⟨

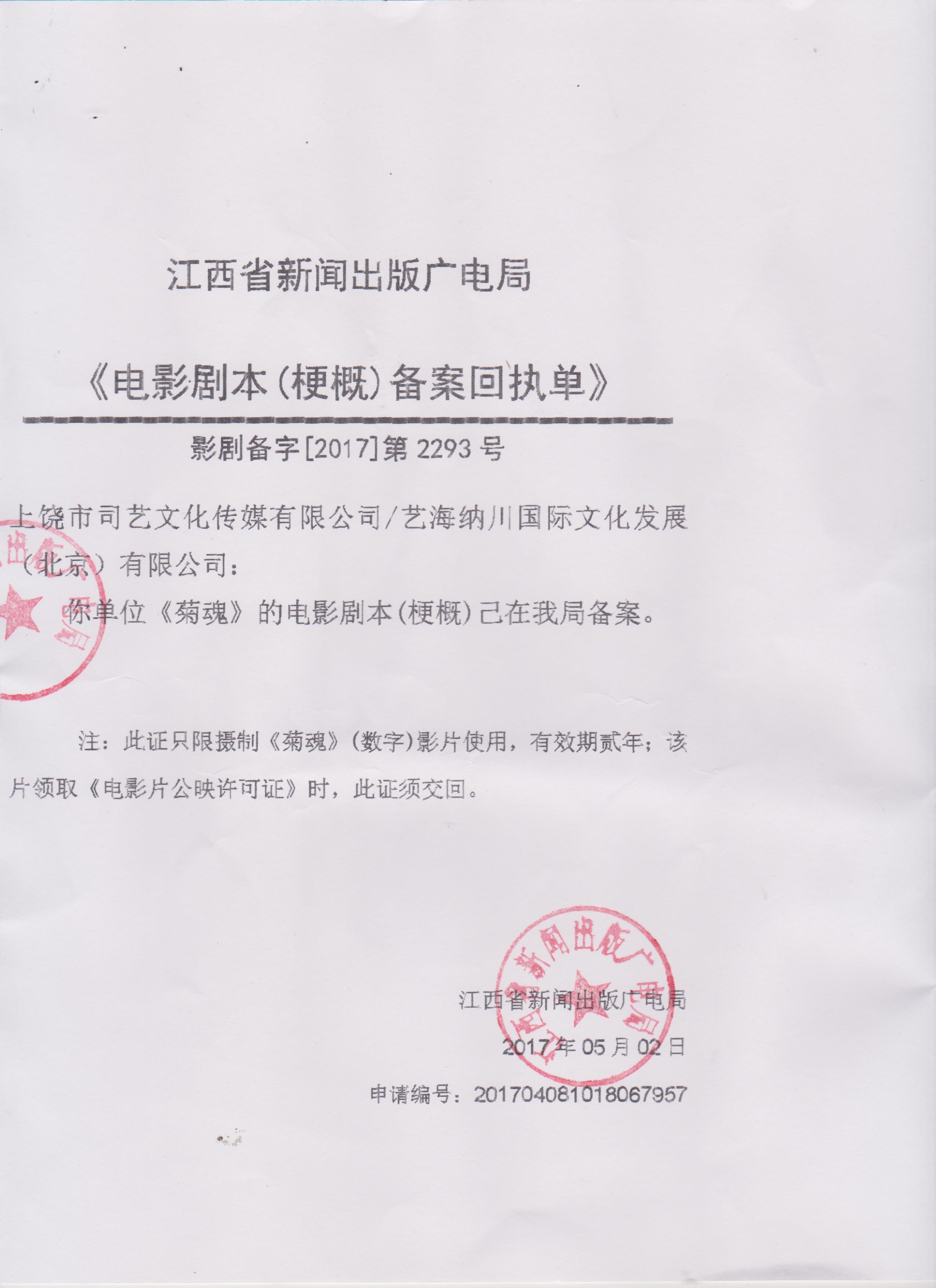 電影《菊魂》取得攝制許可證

⟩
⟨

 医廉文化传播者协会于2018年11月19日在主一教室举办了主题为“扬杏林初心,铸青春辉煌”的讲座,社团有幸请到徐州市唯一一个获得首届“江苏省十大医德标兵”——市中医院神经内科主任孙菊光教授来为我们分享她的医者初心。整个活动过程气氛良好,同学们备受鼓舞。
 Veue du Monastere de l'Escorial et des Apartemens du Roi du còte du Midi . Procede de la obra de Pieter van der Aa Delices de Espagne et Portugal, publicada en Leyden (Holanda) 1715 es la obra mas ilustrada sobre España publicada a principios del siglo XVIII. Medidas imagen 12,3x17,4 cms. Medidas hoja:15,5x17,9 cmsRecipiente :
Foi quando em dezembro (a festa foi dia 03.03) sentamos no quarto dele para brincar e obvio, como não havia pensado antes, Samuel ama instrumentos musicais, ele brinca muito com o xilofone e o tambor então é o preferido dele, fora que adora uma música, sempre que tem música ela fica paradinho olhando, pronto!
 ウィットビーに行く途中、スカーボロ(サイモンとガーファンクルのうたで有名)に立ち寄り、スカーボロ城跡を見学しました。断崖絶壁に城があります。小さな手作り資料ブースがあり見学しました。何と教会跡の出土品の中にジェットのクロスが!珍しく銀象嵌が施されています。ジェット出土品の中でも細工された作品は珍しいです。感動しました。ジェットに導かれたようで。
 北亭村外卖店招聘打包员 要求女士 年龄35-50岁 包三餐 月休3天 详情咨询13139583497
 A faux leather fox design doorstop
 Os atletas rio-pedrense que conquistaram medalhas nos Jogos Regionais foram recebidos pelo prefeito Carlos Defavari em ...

⟩

• [What you will do]
Reproduce word for word the material above, beginning with the line that contains "ウィットビーに行く途中、スカ" and ending with the line that contains "Os atletas rio-pedrense".

• [Answer for the task]
 ウィットビーに行く途中、スカーボロ(サイモンとガーファンクルのうたで有名)に立ち寄り、スカーボロ城跡を見学しました。断崖絶壁に城があります。小さな手作り資料ブースがあり見学しました。何と教会跡の出土品の中にジェットのクロスが!珍しく銀象嵌が施されています。ジェット出土品の中でも細工された作品は珍しいです。感動しました。ジェットに導かれたようで。
 北亭村外卖店招聘打包员 要求女士 年龄35-50岁 包三餐 月休3天 详情咨询13139583497
 A faux leather fox design doorstop
 Os atletas rio-pedrense que conquistaram medalhas nos Jogos Regionais foram recebidos pelo prefeito Carlos Defavari em ...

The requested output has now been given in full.